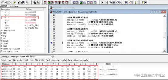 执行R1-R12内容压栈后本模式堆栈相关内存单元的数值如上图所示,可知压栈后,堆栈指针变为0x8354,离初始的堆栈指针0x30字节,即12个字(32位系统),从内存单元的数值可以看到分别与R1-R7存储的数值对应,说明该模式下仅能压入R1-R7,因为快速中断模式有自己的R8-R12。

...

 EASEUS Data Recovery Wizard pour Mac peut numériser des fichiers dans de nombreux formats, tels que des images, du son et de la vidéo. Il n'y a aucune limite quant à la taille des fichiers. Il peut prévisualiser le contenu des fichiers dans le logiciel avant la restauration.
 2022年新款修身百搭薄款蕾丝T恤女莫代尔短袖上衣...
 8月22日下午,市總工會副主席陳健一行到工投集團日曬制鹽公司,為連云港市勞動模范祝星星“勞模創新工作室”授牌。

__Work to complete__: Using the data above, print exactly the lines from the line that contains "EASEUS Data Recovery" through the line that contains "8月22日下午,市總工會副主", with both included.

__Output for this task__:
 EASEUS Data Recovery Wizard pour Mac peut numériser des fichiers dans de nombreux formats, tels que des images, du son et de la vidéo. Il n'y a aucune limite quant à la taille des fichiers. Il peut prévisualiser le contenu des fichiers dans le logiciel avant la restauration.
 2022年新款修身百搭薄款蕾丝T恤女莫代尔短袖上衣...
 8月22日下午,市總工會副主席陳健一行到工投集團日曬制鹽公司,為連云港市勞動模范祝星星“勞模創新工作室”授牌。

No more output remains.